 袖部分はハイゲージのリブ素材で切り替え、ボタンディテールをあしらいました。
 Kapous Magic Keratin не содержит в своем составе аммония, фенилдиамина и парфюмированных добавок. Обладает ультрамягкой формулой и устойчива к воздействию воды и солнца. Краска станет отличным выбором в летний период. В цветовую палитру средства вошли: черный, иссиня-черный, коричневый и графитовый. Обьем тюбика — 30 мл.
--
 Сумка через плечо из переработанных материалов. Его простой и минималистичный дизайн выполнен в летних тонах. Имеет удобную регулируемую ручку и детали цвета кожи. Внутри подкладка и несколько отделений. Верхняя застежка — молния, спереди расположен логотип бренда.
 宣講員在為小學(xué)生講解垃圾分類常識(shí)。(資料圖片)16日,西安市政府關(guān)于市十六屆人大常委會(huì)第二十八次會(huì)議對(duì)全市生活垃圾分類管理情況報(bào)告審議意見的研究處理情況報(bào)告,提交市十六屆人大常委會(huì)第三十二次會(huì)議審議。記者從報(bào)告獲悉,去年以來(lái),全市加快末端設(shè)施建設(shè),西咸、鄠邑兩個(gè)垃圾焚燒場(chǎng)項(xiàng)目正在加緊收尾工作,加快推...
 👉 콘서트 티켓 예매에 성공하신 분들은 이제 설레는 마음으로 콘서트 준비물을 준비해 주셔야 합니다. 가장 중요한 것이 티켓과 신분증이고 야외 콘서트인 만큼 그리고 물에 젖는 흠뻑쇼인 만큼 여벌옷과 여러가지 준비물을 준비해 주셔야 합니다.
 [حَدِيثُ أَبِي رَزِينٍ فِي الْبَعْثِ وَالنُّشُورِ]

Task brief. In the data above, start at the line that has "宣講員在為小學(xué)生講", stop after the line that has "[حَدِيثُ أَبِي رَزِينٍ", and print every line in between exactly as it stands.

Expected answer.
 宣講員在為小學(xué)生講解垃圾分類常識(shí)。(資料圖片)16日,西安市政府關(guān)于市十六屆人大常委會(huì)第二十八次會(huì)議對(duì)全市生活垃圾分類管理情況報(bào)告審議意見的研究處理情況報(bào)告,提交市十六屆人大常委會(huì)第三十二次會(huì)議審議。記者從報(bào)告獲悉,去年以來(lái),全市加快末端設(shè)施建設(shè),西咸、鄠邑兩個(gè)垃圾焚燒場(chǎng)項(xiàng)目正在加緊收尾工作,加快推...
 👉 콘서트 티켓 예매에 성공하신 분들은 이제 설레는 마음으로 콘서트 준비물을 준비해 주셔야 합니다. 가장 중요한 것이 티켓과 신분증이고 야외 콘서트인 만큼 그리고 물에 젖는 흠뻑쇼인 만큼 여벌옷과 여러가지 준비물을 준비해 주셔야 합니다.
 [حَدِيثُ أَبِي رَزِينٍ فِي الْبَعْثِ وَالنُّشُورِ]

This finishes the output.